The accrued interest will be transferable upon death for a spouse or dependent child. A spouse or dependent child may either cash out inheritable contributions or use them to receive an increased monthly benefit check. The assets in a person’s account will essentially be in the form of a long bond position. In theory, the government will no longer need to pay interest on these bonds when a person retires. Instead, the government will borrow these interest payments from the accrued interest in order to reduce the overall national debt interest expenditure.
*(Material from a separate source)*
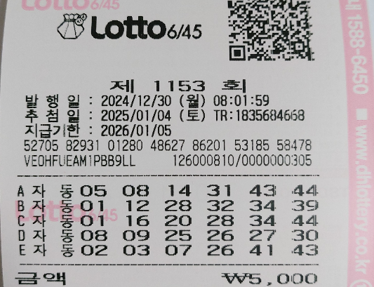 로또 1153회 자동 월요일 용지를 공유합니다. 한 해를 돌아보며 기쁨과 아쉬움이 교차하지만, 무엇보다 여러분과 함께할 수 있었던 것에 감사드립니다.

Year: 40Contributions: $40,000.00Accrued Interest: $70,870.11Balance: $110,870.11

A worker who makes $1,000 annual contributions over a period of 40 years will have accumulated $70,870.11 in accrued interest. The high water mark will be established at the total account value of $110,870.11. At an interest rate of 4.5%, an account worth $110,870.11 will provide monthly distribution checks of $415.76. These monthly distributions will be deducted from the accrued interest instead of coming from general revenue. Even though the account value is diminishing, the account holder will continue to receive interest checks based on the high water mark. It will take 14.2 years to exhaust the accrued interest assets, and the account holder would be 79.2 years old. At this point, the value of the monthly distribution checks will be deducted from the account holder’s contributions. This will provide an additional 8.0 years worth of interest payments, and the account holder would now be 87.2 years old.
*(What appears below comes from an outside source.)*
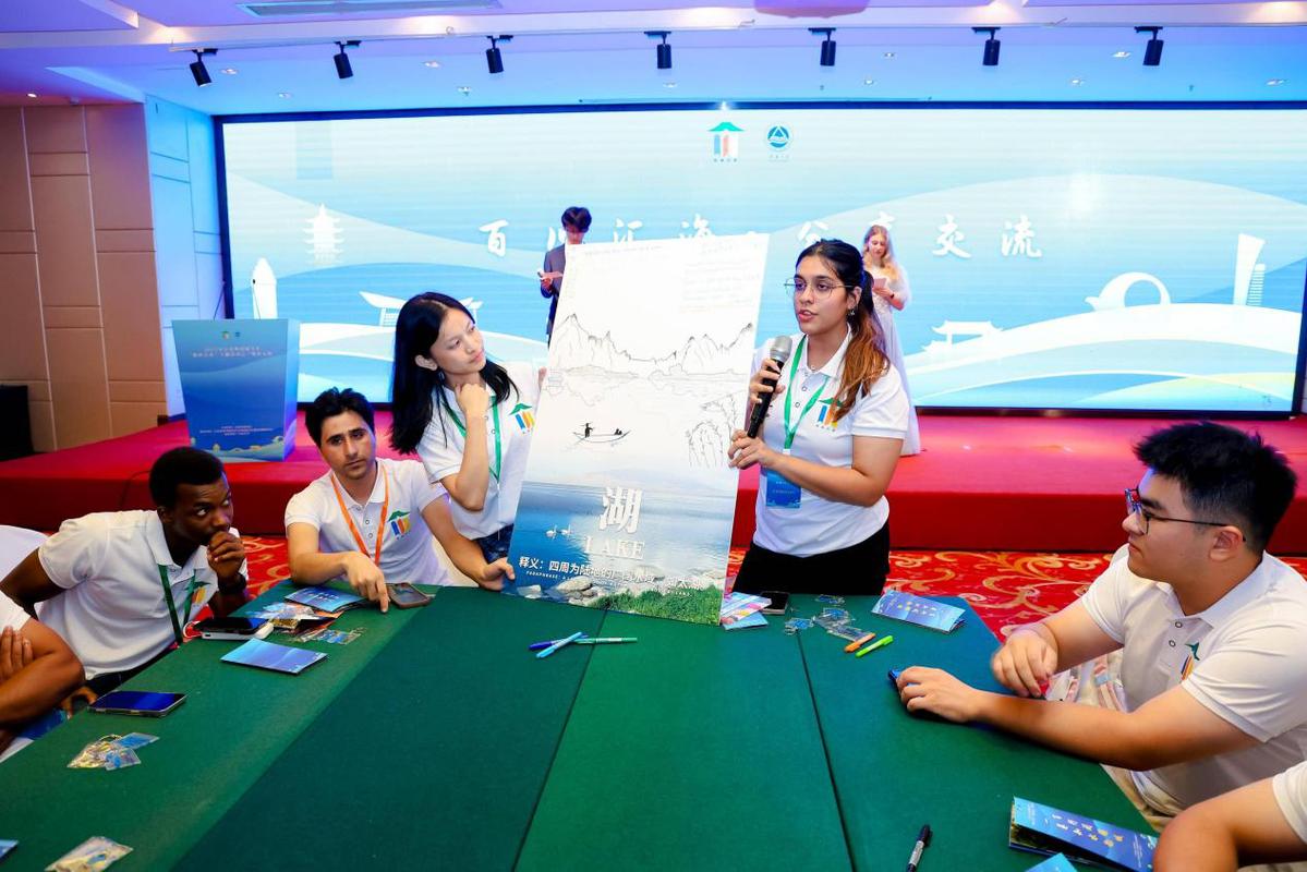 本次活动特别设置“流水知音·诗音对话”活动,成为中外文化交流的亮点。中外学生凭亚克力片拼成 “江”“湖”“清” 等水主题汉字分组,随后围绕手中汉字分享其在不同文化背景下的内涵与故事;大家通过朗诵与演唱巧妙串联,“诗” 与 “音” 搭建起跨文化沟通的桥梁,使在场留学生对汉字之美有了更为深切的感悟;“曲水流觞” 环节,同学们拿着彩笔共同在海报上进行创作,并积极分享创作灵感和趣事。“让我印象最深刻的是‘诗音对话’这个环节,我们组抽到的主题是‘江’。在活动中,我们互相学习各自国家语言里‘江’这个字怎么说,分享关于江水的故事,还以‘江’为主题画画,各抒己见创作小诗。整个过程非常有趣,让我感受到交流和创作的快乐。”南京大学印度尼西亚籍留学生张美菊拿着小组的海报说。

Once all account assets have been exhausted, the account holder will continue to receive monthly distribution checks until death. If the account assets had not been used for the monthly payments, the account would have generated interest payments indefinitely. Therefore, the government is simply borrowing money from the account holder in order to make the interest payments. In exchange for allowing the government to borrow money interest free, the account holder does not have to pay taxes on the monthly disbursement checks.
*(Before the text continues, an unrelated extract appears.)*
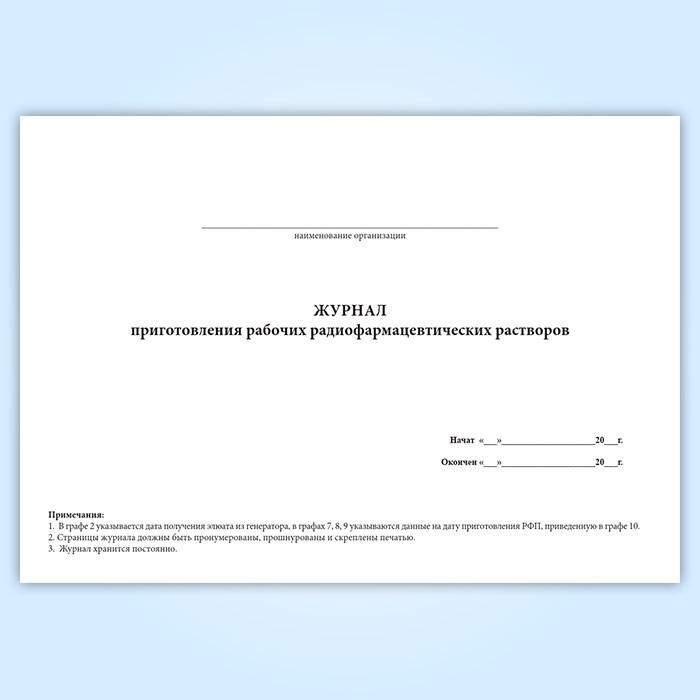 Журнал приготовления рабочих радиофармацевтических растворов в Бердске купить

The government would no longer need to make interest payments to an account when the account holder reached a retirement age. Therefore, the money that normally would have been dedicated for the purpose of making interest payments will now stay in general revenue. This surplus may be used for the purpose of paying back the national debt, or to compensate the government for lost tax revenue. The government will only need to make interest payments if an account holder lives past the age of 87.2. Essentially this creates a period of 22.2 years in which interest payments on the national debt are waived.

This program will ultimately provide great benefit to both the American people and the American government. The people will receive a tax-free pension plan, and the government will essentially be saving much of the money that it otherwise would have had to pay out in the form of interest payments on the national debt. It will also provide the American people with acceptable investment returns while providing the government with stable long term financing.